Bodies cap at MAX_BODY_BYTES (default 32 MB). Most often hit with very large base64 image payloads.

invalid_json

The body could not be parsed as JSON. Validate against /openapi.json.

missing_field

Required field absent. The param field of the error envelope shows which one.

invalid_field

A field's value did not match expected type/range/enum. See param for which field.

model_not_in_allowlist

The model slug isn't whitelisted by the stack. Use one of the slugs from /v1/info or /v1/models.

max_tokens_below_minimum

Some upstream cloud paths reject low values (max_output_tokens >= 16), reasoning models need >= 200 to leave room for hidden reasoning tokens before any visible content. The rust-api silently floors max_tokens to the model's documented minimum and reports the adjustment via response header:

spass-applied: max_tokens_floored=200

Only when even the floor would still be invalid does the error surface. Read the per-model constraints.min_max_tokens from /v1/info:

curl -s -H "Authorization: Bearer $BEARER" https://dgx.spass.fun/v1/info \
  | jq '.models[] | {alias, min_max_tokens: .constraints.min_max_tokens}'

image_url_not_supported

Cloud providers refuse to fetch arbitrary URLs server-side; local inference doesn't either. The rust-api validates against constraints.accepts_image_url before forwarding and rejects up-front so you get a clear param pointer instead of an opaque 400 from the upstream.

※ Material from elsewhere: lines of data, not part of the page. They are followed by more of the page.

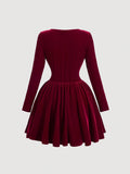Chic Red Velvet Turtleneck Dress: Versatile Waist-Cinched Autumn Essential
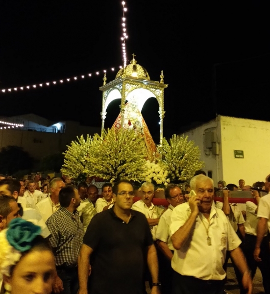 Había mucha gente anoche en Cabra, se notaba el ambiente festivo y la gran devoción a la Virgen de la Sierra que la acompañaron en todo el camino de bajada y luego en su recorrido por la ciudad hasta llegar a la parroquia. Hubo cierto retraso en la entrada oficial por los Arcos de Baena, que hizo que en los últimos tramos, la Virgen tuviera que llevar un paso muy rápido. Y también se hizo lento el recorrido de las carrozas que esperaban en la Avda. de Andalucía desde las 9 de noche.
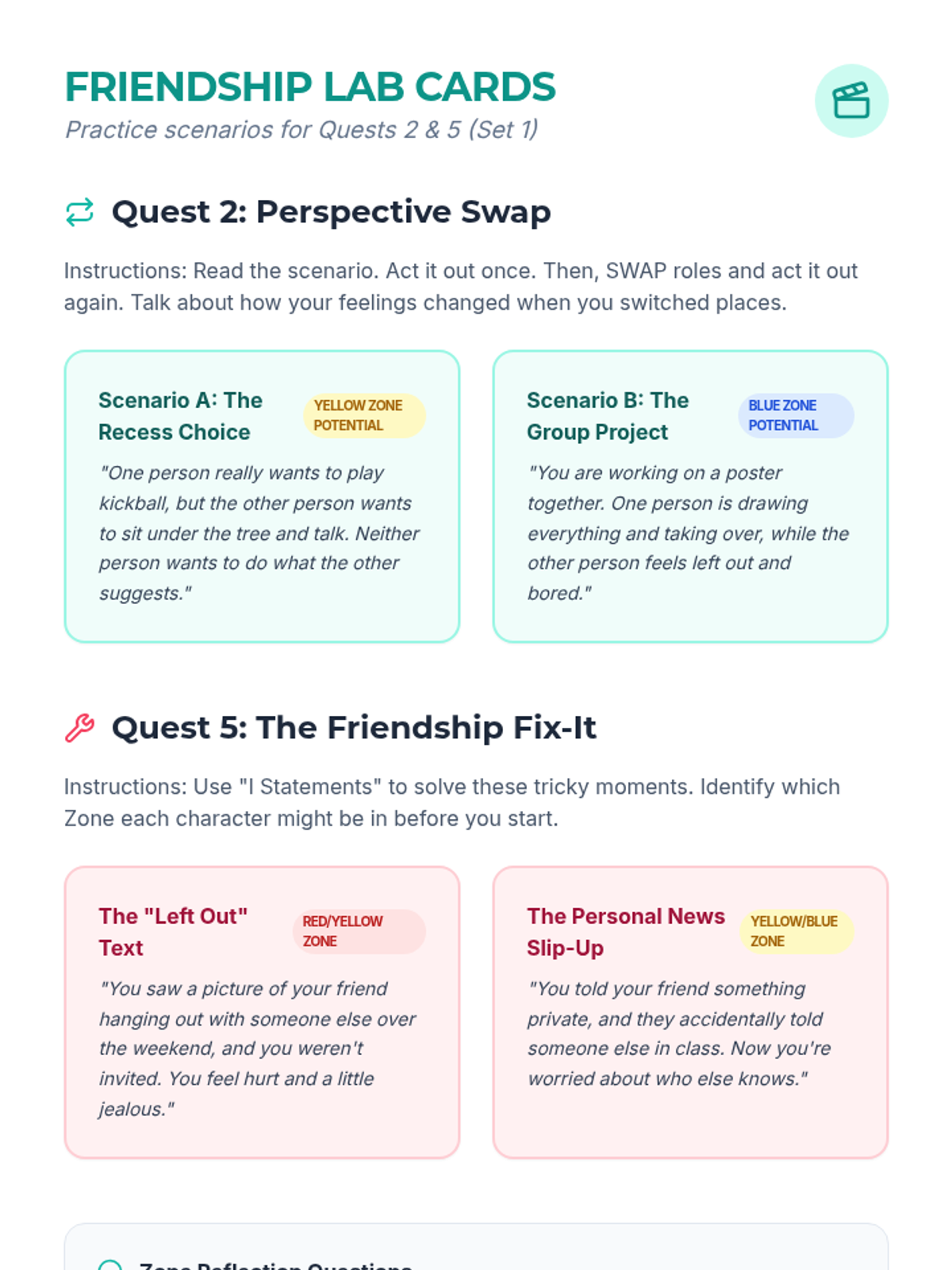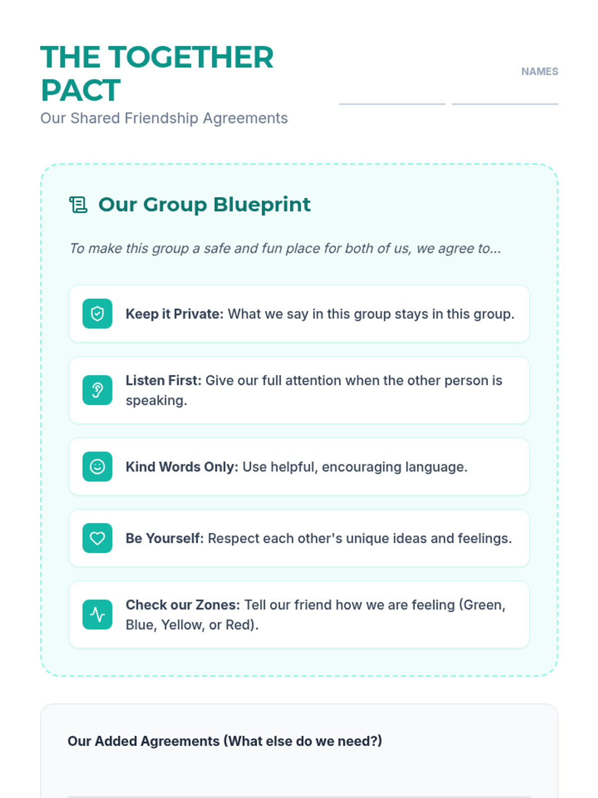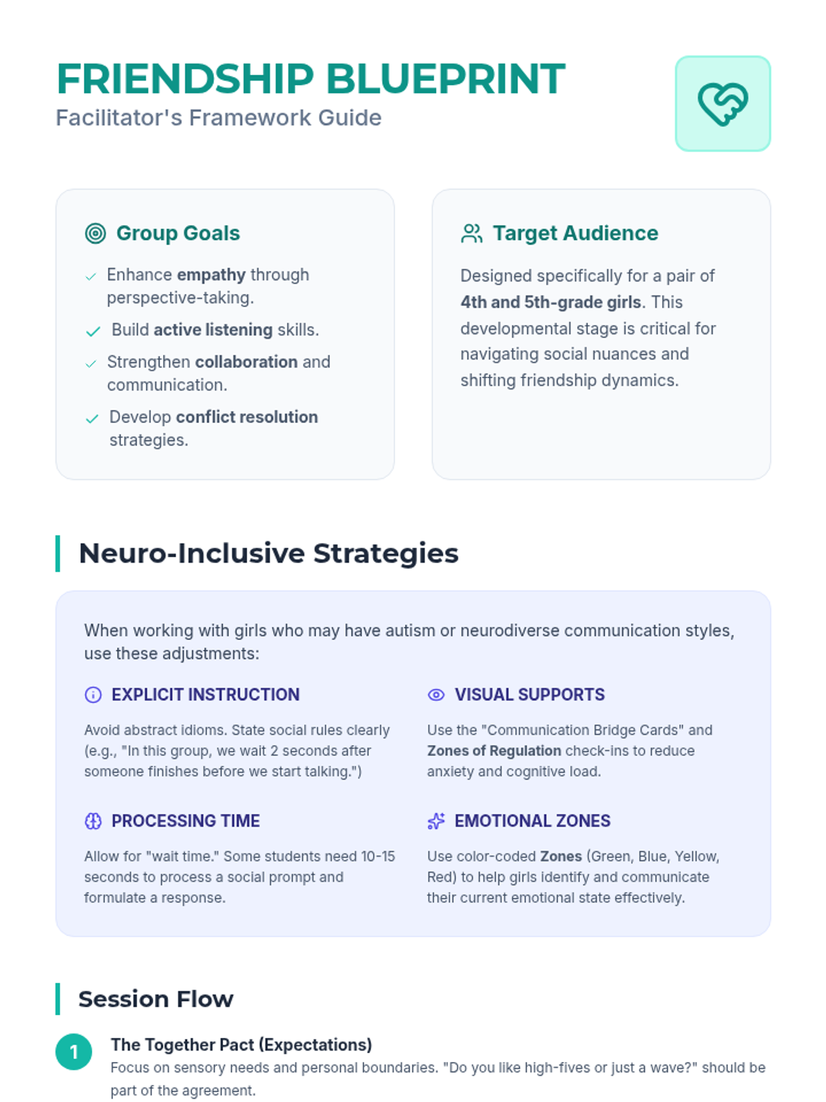 A comprehensive small-group framework designed for two 4th and 5th grade girls to build communication skills, empathy, and friendship through shared agreements and six interactive activities.
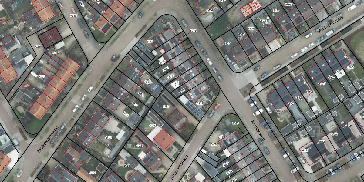 Gebruik de zoekbalk of klik op een perceel om informatie over het perceel te bekijken.
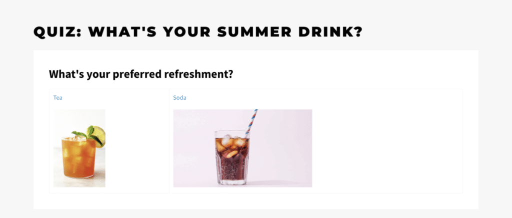 For our scenario, we imagined working for a beverage company. Our quiz, “What’s your summer drink?” will give visitors a beverage recommendation based on their choices in the quiz. The end goal is to create segments based on the selections our visitors made.
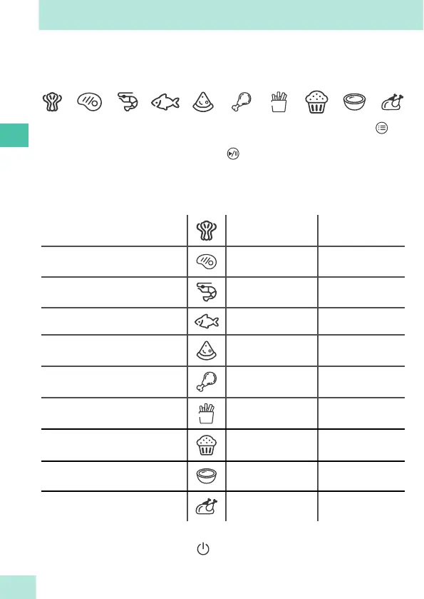 mange gange som nødvendigt for at vælge den mad, du vil tilberede, og
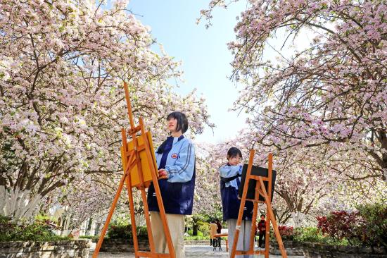 三月暖阳,大足中学本部文化广场内,数十株垂丝海棠迎来盛花期。作为“足中八景”之一,这片承载古昌州海棠基因的花林不仅是师生春日打卡的胜地,更是大足春季文旅的一张靓丽名片,吸引不少市民与校友前来共赏春光。 大足融媒—新大足记者 黎刚强 刘琴 曾亦嘉 摄
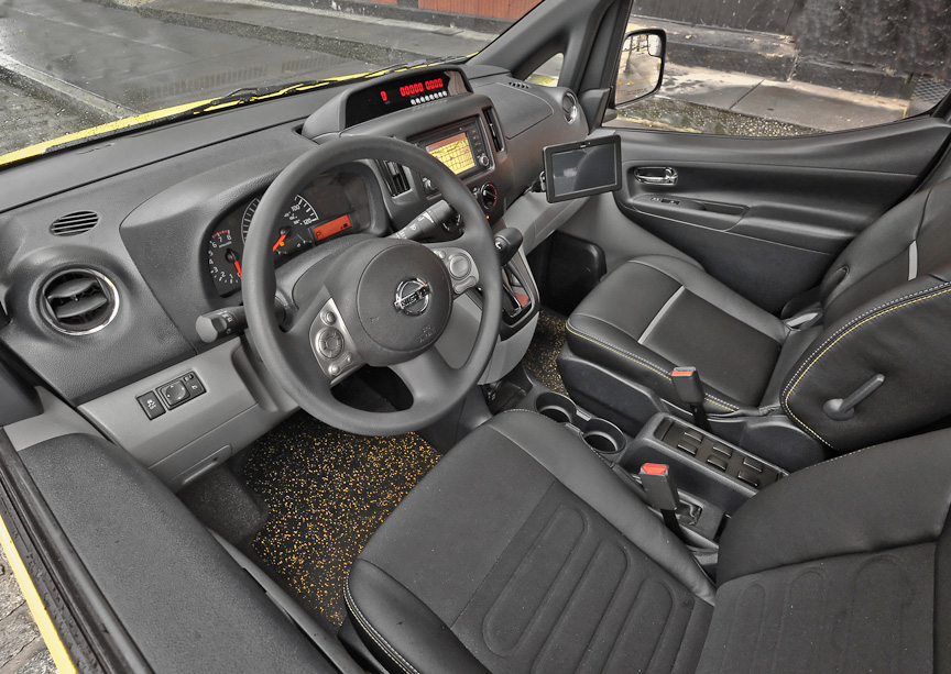 另外在 NV200 的駕駛席,設有 6 方向轉動座椅、USB Audio 輔助輸入,以及支援倒車鏡頭及衛星導航顯示的中控台顯示屏。由於紐約的士一向以透明膠板分隔前後座,因此 NV200 配備前後座對話用裝置。日產表示 NV200 採用 2.0 升直 4 引擎,並保證能夠行走 15 萬英里( 24 萬km)路程。它將會在墨西哥的工廠生產,定價 29,700 日圓,最快可於 2013 年下半年正式引進並投入服務。
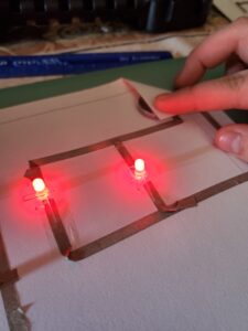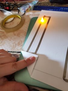 • Determine the location in which the cell batteries will be located at (I chose 3 corners of the mixed media paper) and mark where you will make any folds. These folds will allow for the closure of the circuit when a certain amount of pressure is applied.
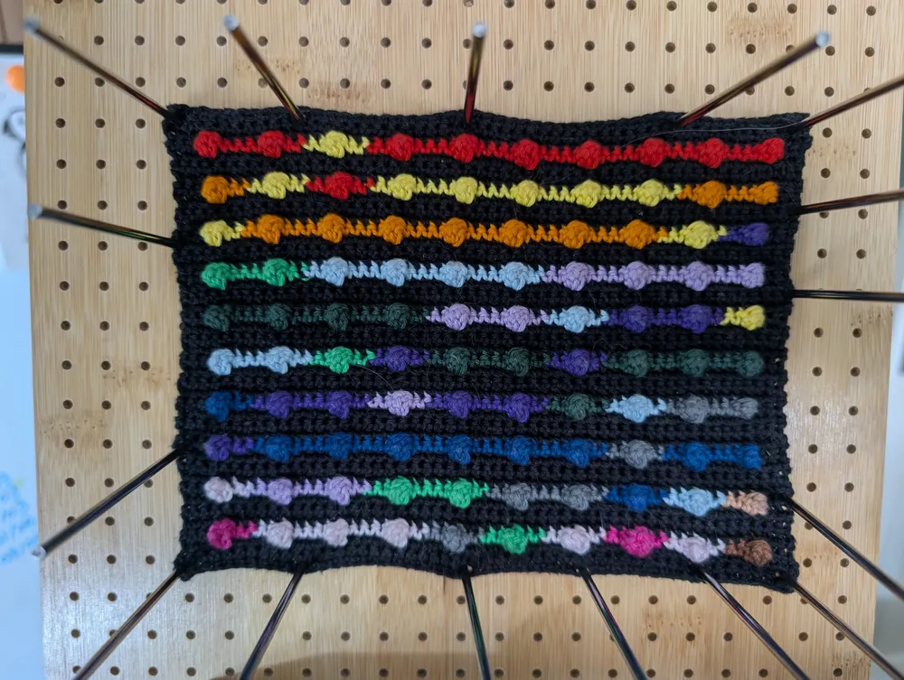 Based on Royal Kennel Club registration data from 2016 to 2025, I give you 10 years of the most popular dog breeds in the UK, a crocheted slope chart.
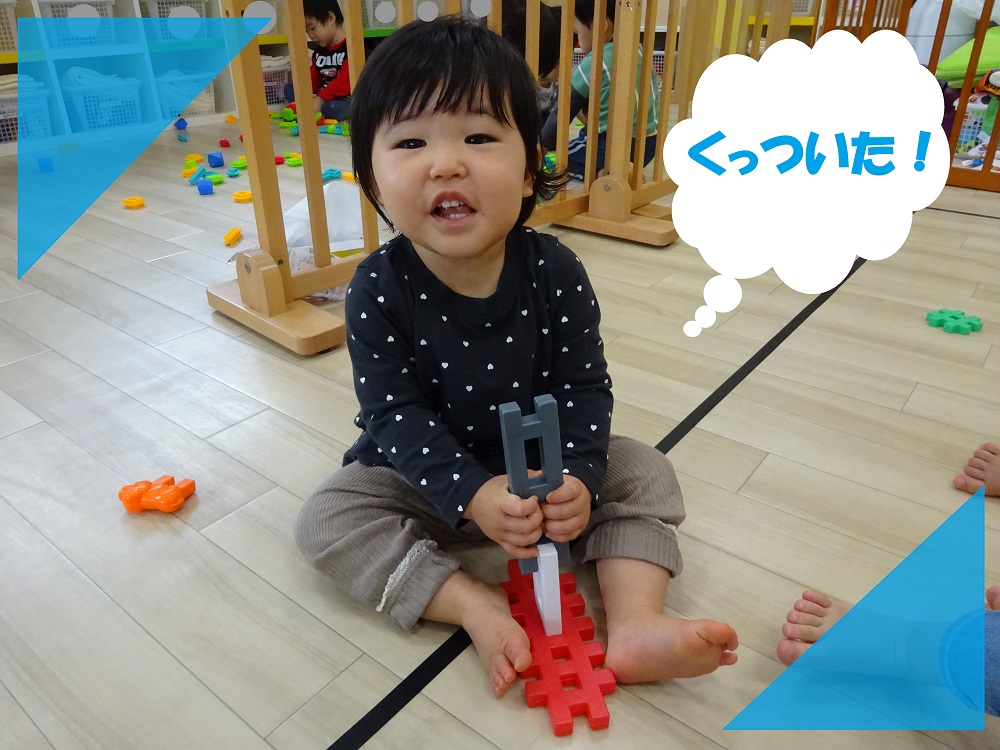 スピカ組(0歳児)さんは、玩具をたくさん集めたり、長く繋げたりして楽しんでいます✨
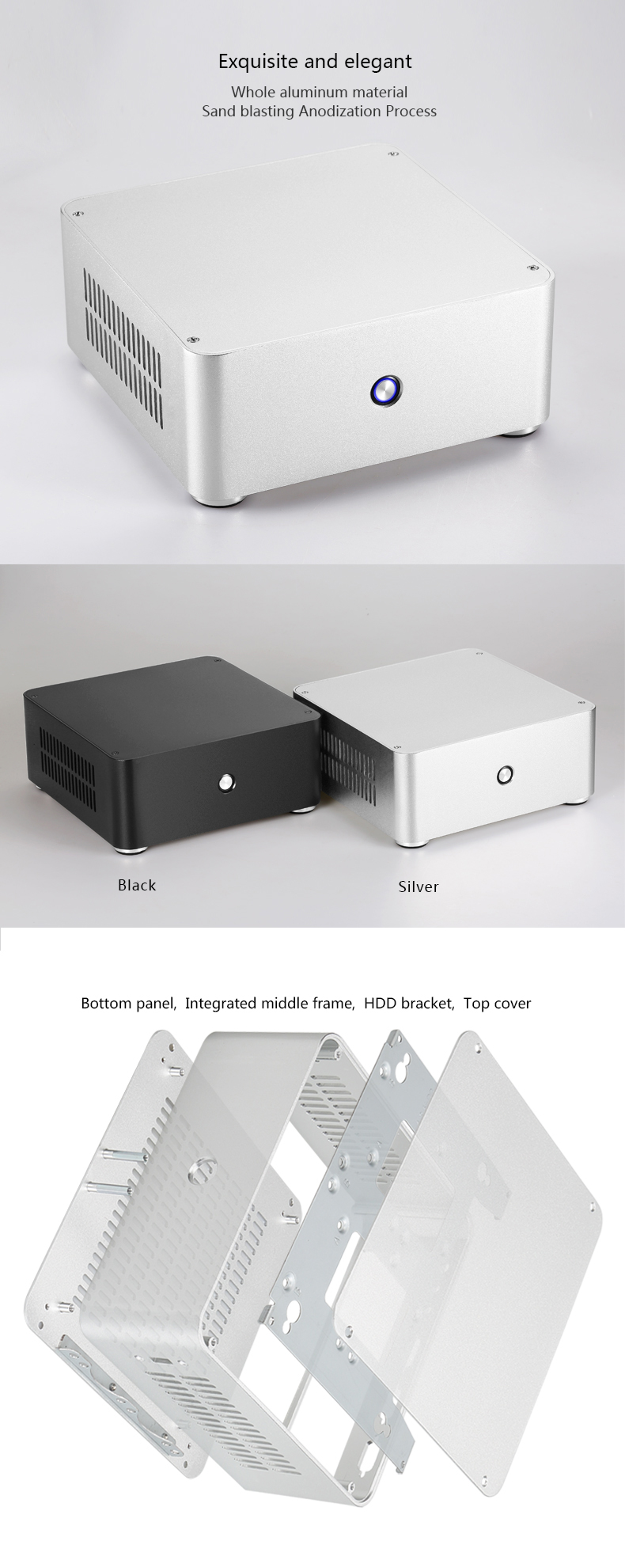 По корпусу был проведён смотр китайпрома и выбрана mini-itx модель Realan'a чёрного цвета. Его преимуществом стали вес - он литой - алюминиево-магниевый сплав (ну почти как у БМП :) и в перспективе возможность двусторонней компоновки.
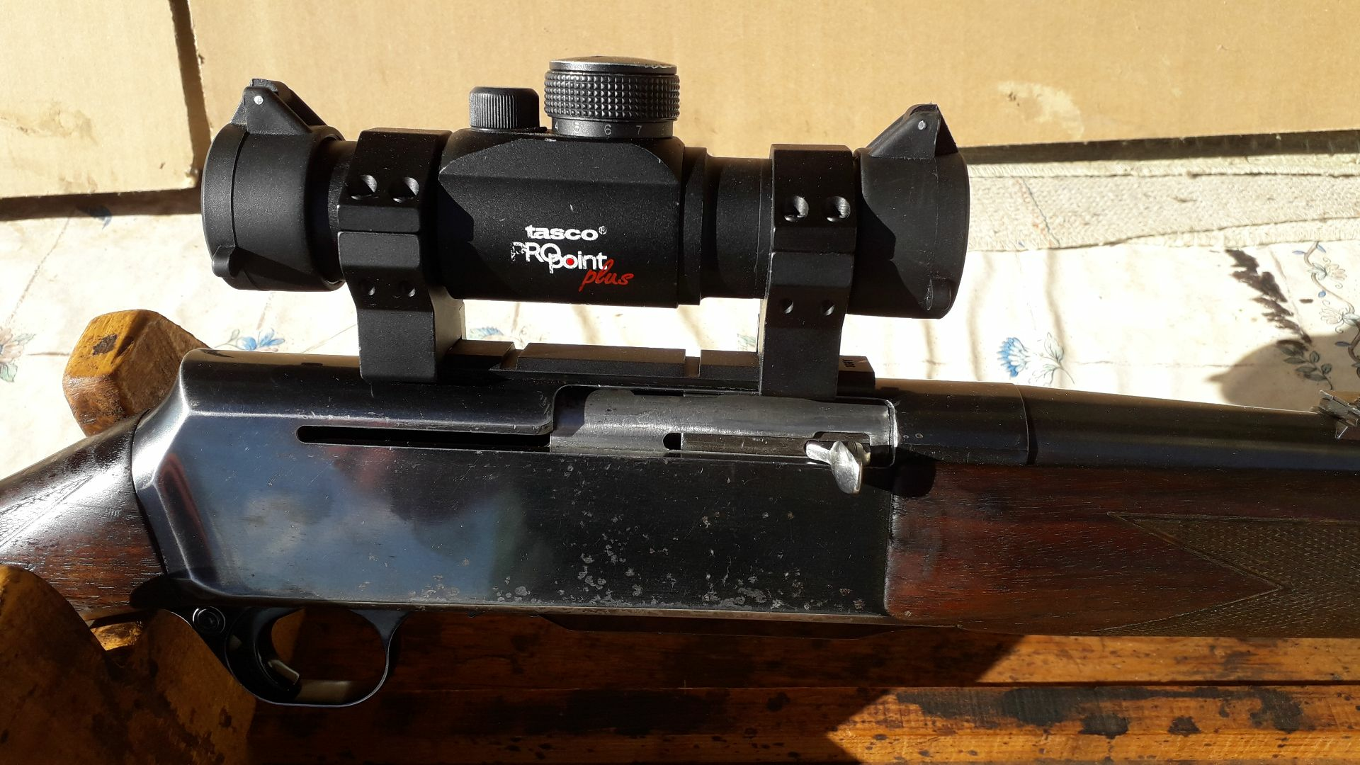 Carabine BROWNING BAR MK1 Acier Occasion , Modèle Affut équipé d'un rail et du point rouge TASCO ProPoint PLUS .
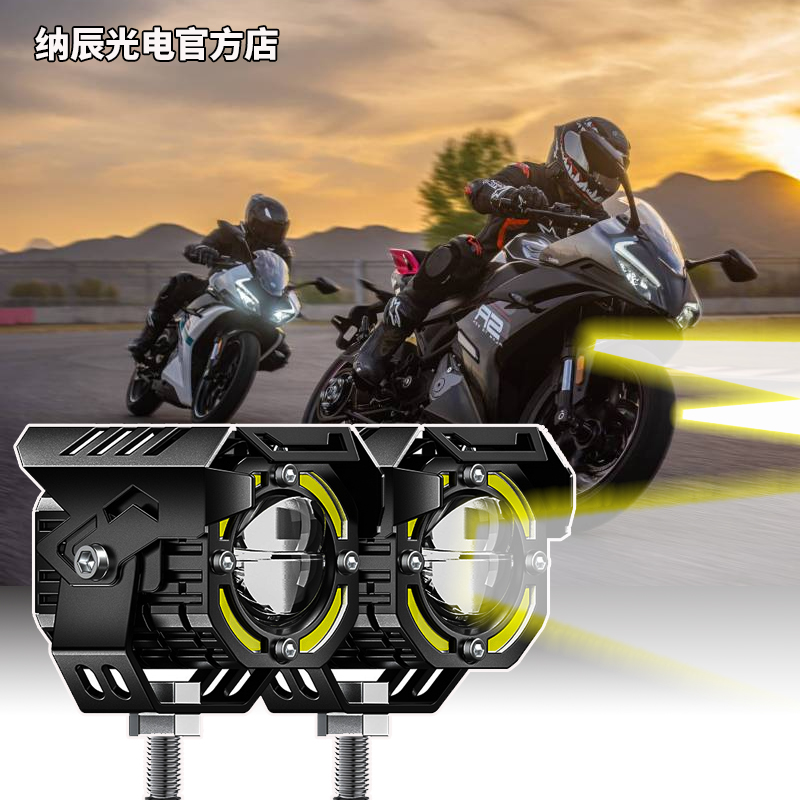 Motorcycle spotlight bifocal lens modified LED external headlight strobe light far and low beam integrated steering auxiliary light
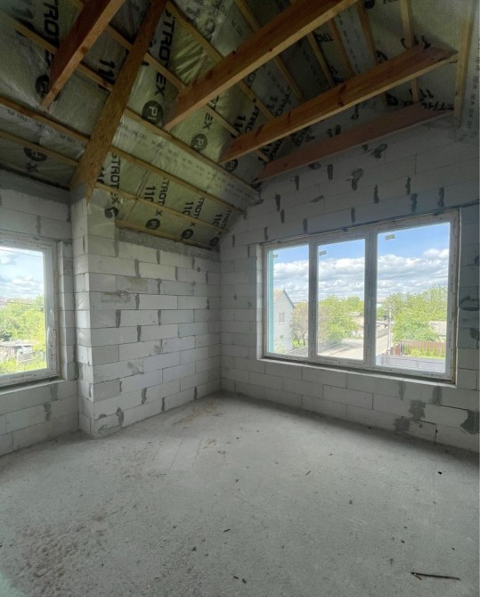 Будинок побудований з газоблоку товщиною 300 мм та утеплений по фасаду 100 мм пінопласт, міжповерхове монолітне перекриття, бетонна основа підлоги, покрівля даху - покрівельний метал 0,45 мм., утеплювач мінвата 200мм, пароізоляція.

Encode your image as a base64 data URI:

B64=$(base64 -w 0 image.jpg)
curl -s -H "Authorization: Bearer $BEARER" \
     -H "Content-Type: application/json" \
     -d "{
       \"model\": \"llama-4-scout\",
       \"messages\": [{
         \"role\": \"user\",
         \"content\": [
           {\"type\": \"text\", \"text\": \"Describe this\"},
           {\"type\": \"image_url\", \"image_url\": {\"url\": \"data:image/jpeg;base64,$B64\"}}
         ]
       }]
     }" \
     https://dgx.spass.fun/v1/chat/completions

image_decode_error

The base64-encoded data URI could not be parsed, the MIME type was missing, or the decoded bytes were not a valid image. Verify format data:image/<jpeg|png|webp|gif>;base64,<data>. Re-encode with base64 -w 0 (no line wrapping).

image_base64_invalid

Pre-flight check: rust-api decodes every data:image/...;base64,<payload> and rejects non-parseable base64 before forwarding upstream. Common JS bug: passing a UTF-8 string through btoa corrupts non-ASCII bytes — read as Uint8Array first. Output must be [A-Za-z0-9+/]+={0,2} only.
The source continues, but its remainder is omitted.